Systems revenues were $54.0 million and $52.3 million for the three months ended September 30, 2009 and 2008, respectively. Maintenance revenue increased 10% in the three months ended September 30, 2009, when compared to the same period in the prior year as a result of an increased install base of customers on our systems. For systems, the new SDS® Version 11, which runs on both Unix and Windows off the same code base, our iVIEW Display Manager™, and our Power Bonusing products are generating positive interest. We just released our Version 11.0 systems products, and the initial installations have been well received. In October 2009, a large resort and casino in southern California signed an agreement with the Company to provide up to 5,000 iVIEW Display Manager controllers. Over the last few years, we have continued our focus on the basics of enterprise software development, delivery, customer support and services discipline, on improving core products, providing quality upgrade options for our customers, and increasing customer satisfaction levels through better service and support which are all serving us well in these difficult economic times.

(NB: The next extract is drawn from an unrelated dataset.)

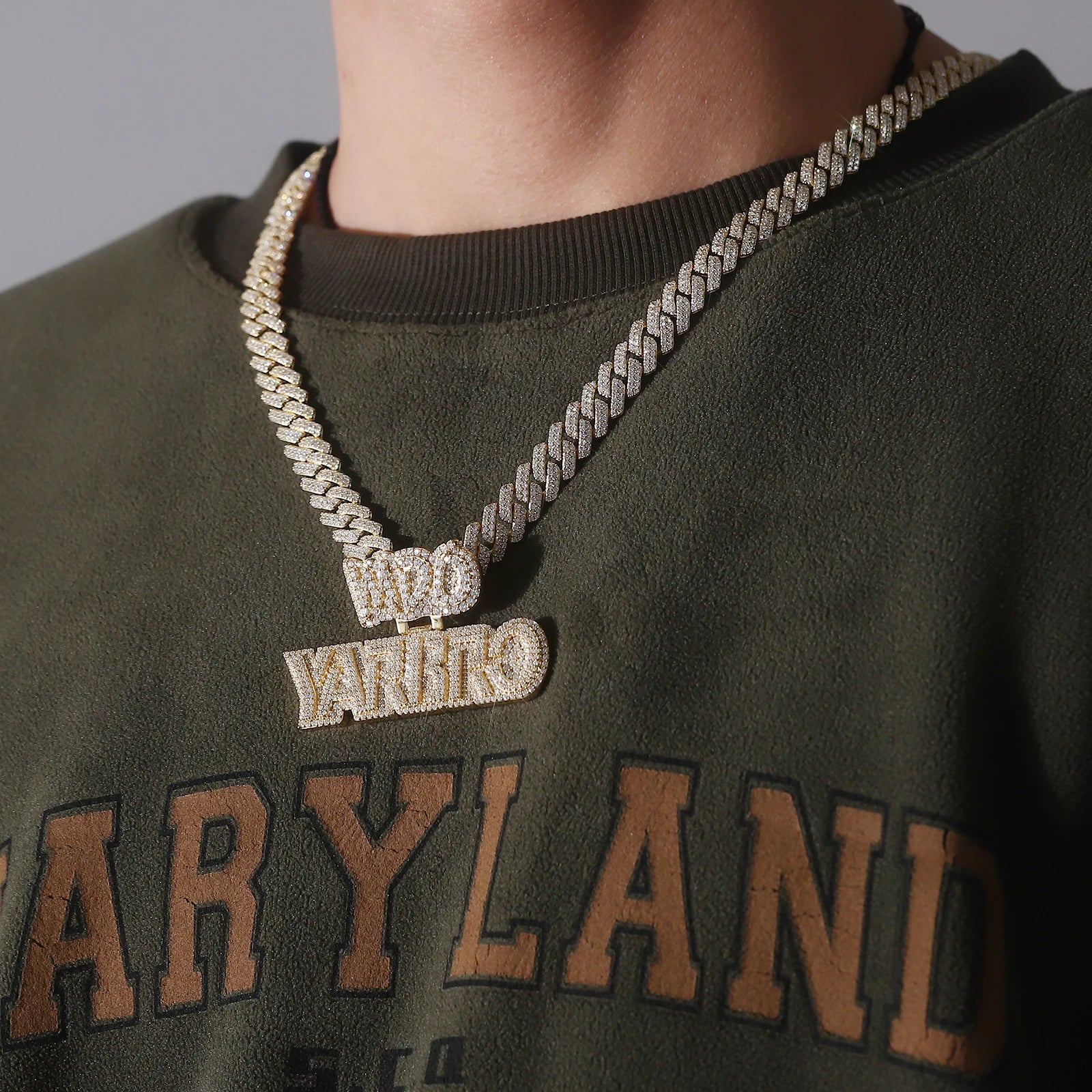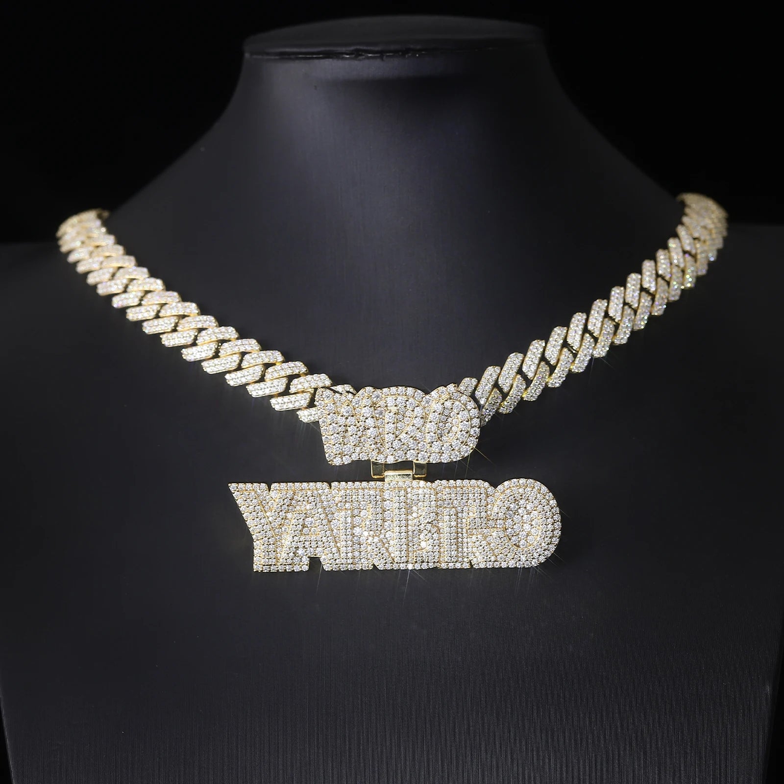 Stand out with this fully customized baguette letter pendant, crafted from solid 925 sterling silver and hand-set with DEF/VS VVS Moissanite stones that pass the diamond tester. Designed for artists, trendsetters, and jewelry lovers, this statement piece delivers maximum brilliance and individuality. Create your own nameplate in any size or style — a true fusion of craftsmanship, confidence, and luxury.

There have been several recent developments fueled by the economic situation which we believe will benefit us in the long term. Domestically, we are focused on the new opportunities including the potential expansion of gaming in Ohio, Illinois, Kansas, Iowa, Maryland, Massachusetts, and New Hampshire. The breadth and timing of such opportunities remains uncertain due to the political process in these jurisdictions as well as the difficult credit environment facing our customers and the risk of continued economic uncertainty. We are also engaged in expanding our position in Mexico as it moves to Class III gaming, as well as opportunities in the Italian and Australian markets. Further, as we continue to grow and become a strong player in Asia, opportunities are anticipated to arise in that region which would enable us to expand internationally.

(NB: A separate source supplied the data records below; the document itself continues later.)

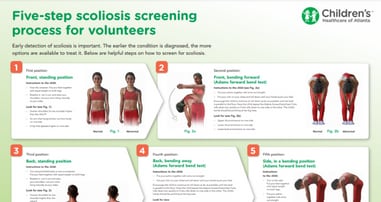 The Scoliosis Screening Program at Children’s Healthcare of Atlanta bridges communication between children and teens, their families, their school, and their doctors. Georgia requires scoliosis screening programs at schools be authorized. This page will help you establish a successful program. We support our community by coordinating referrals to our pediatric orthopedic surgeons for children with positive scoliosis screenings. Our physicians will evaluate and treat infants through young adults.
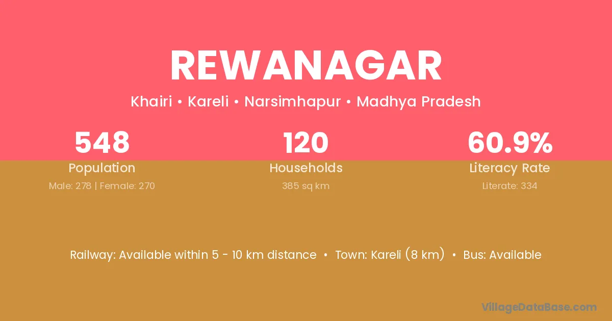 Kareli (8 km) is the nearest town to Rewanagar village for major economic activities and is located approximately 8 km away.
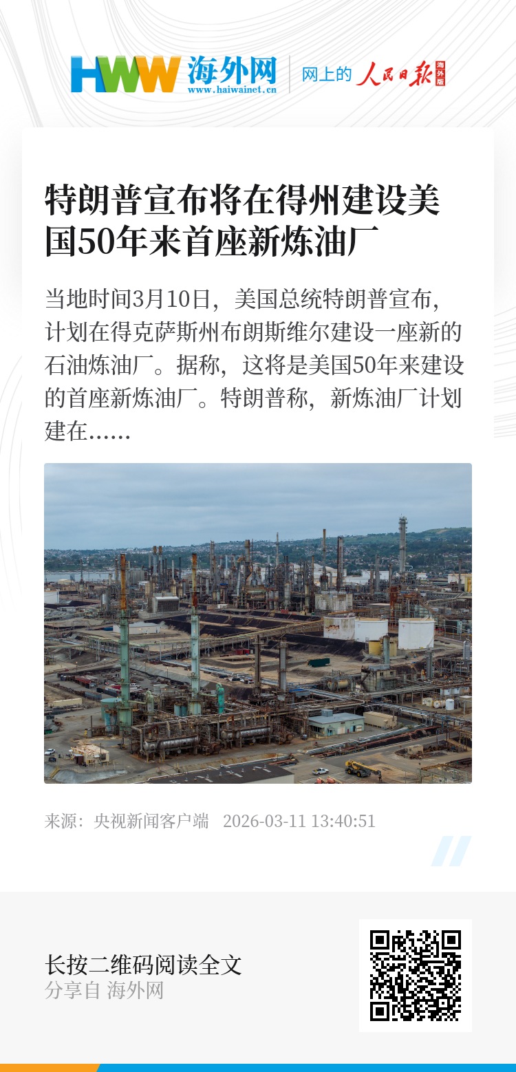 当地时间3月10日,美国总统特朗普宣布,计划在得克萨斯州布朗斯维尔建设一座新的石油炼油厂。据称,这将是美国50年来建设的首座新炼油厂。
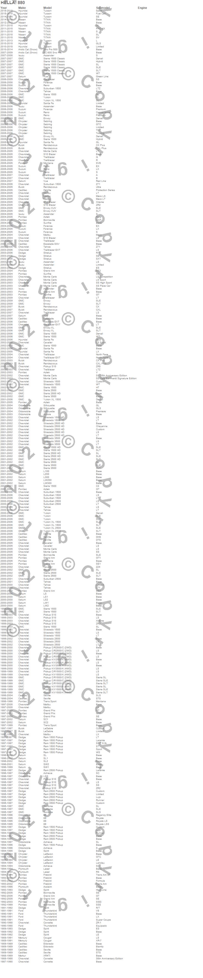 Below is an abreviated list of applications for the T3.25 Halogen Bulb.
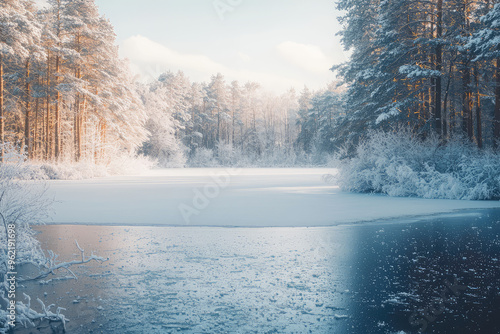 A Frozen Lake Beckons, Surrounded by Snow-Dusted Trees, the Sun Casting a Golden Glow on the Frosted Landscape.
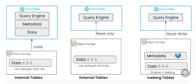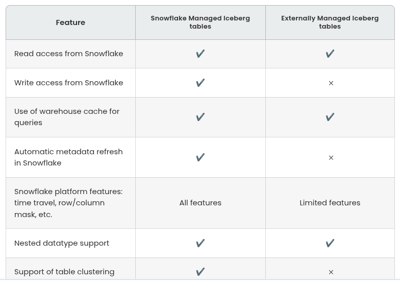 Depending on where the catalog is managed for Iceberg tables, Snowflake can have two types of Iceberg tables:
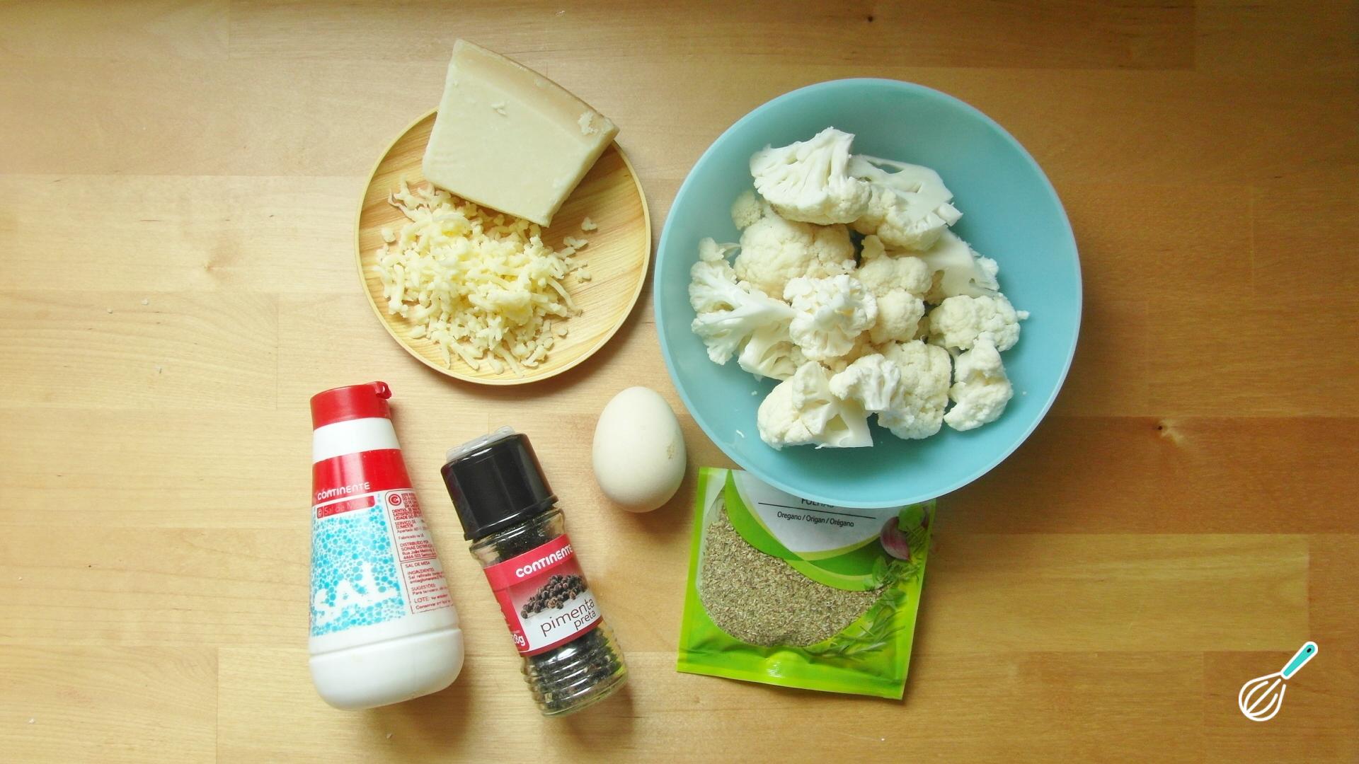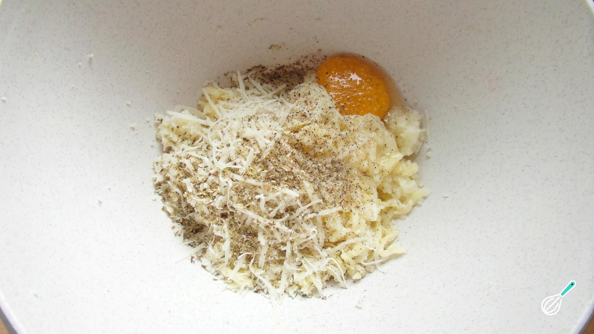 Coloque a couve-flor em uma tigela junto com os queijos, o ovo, o sal, a pimenta do reino e os oréganos. Misture muito bem, usando uma colher ou as mãos.
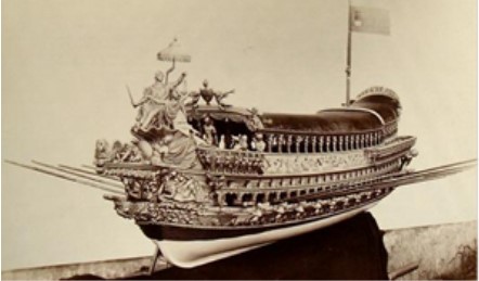 Il Bucintoro, nave simbolo della Serenissima, fu dato alle fiamme e affondato nel bacino di San Marco
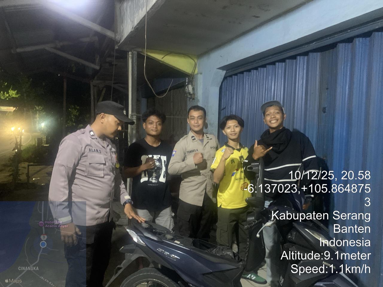 *Polres Cilegon* – Dalam Rangka Pencegahan Kejahatan Jalanan dan Memelihara situasi keamanan dan menjaga serta memberikan rasa aman dan nyaman di masyarakat,Salah satu upaya untuk mewujudkan hal tersebut sebagaimana yang dilakukan oleh Personil Polsek Cinangka Polres Cilegon Polda Banten melaksanakan giat patroli blue light malam hari hingga menjelang pagi, Kamis (11/12/2025).

Net cash provided by operating activities was $39.9 million and $25.2 million during the three months ended September 30, 2009 and 2008, respectively. Cash flow from operations increased 59% for the three months ended September 30, 2009, when compared to the same period last year reflecting improved operating results and cash flow management. Since September 30, 2008, we have also reduced our debt by $85.9 million, including paying down the revolving line of credit to zero.

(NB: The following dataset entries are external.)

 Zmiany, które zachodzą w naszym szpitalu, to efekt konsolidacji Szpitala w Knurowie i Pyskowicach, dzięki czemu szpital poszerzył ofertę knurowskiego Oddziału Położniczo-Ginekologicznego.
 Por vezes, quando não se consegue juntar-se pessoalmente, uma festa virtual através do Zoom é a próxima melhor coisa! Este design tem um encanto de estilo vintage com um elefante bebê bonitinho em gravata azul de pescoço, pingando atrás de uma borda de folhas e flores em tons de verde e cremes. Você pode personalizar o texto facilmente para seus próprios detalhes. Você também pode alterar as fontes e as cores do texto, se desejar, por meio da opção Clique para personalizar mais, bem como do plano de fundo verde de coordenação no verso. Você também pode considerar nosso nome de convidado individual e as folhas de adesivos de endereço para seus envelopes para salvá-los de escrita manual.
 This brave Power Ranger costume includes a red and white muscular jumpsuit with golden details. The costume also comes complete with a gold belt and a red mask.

Revenues from the Rainbow Casino decreased in the three months ended September 30, 2009 to $9.2 million from $10.0 million in the three months ended September 30, 2008. This decrease reflects the impact of competition from a new casino that opened in late October 2008, other nearby expansions, and the current challenging economic environment.
Management continuously monitors and reviews its selling, general and administrative expenses in comparison to revenues. Selling, general and administrative expenses were 23.9% of revenues and declined as a percentage of revenue during the three months ended September 30, 2009, when compared to 24.1% during the same period in the prior year.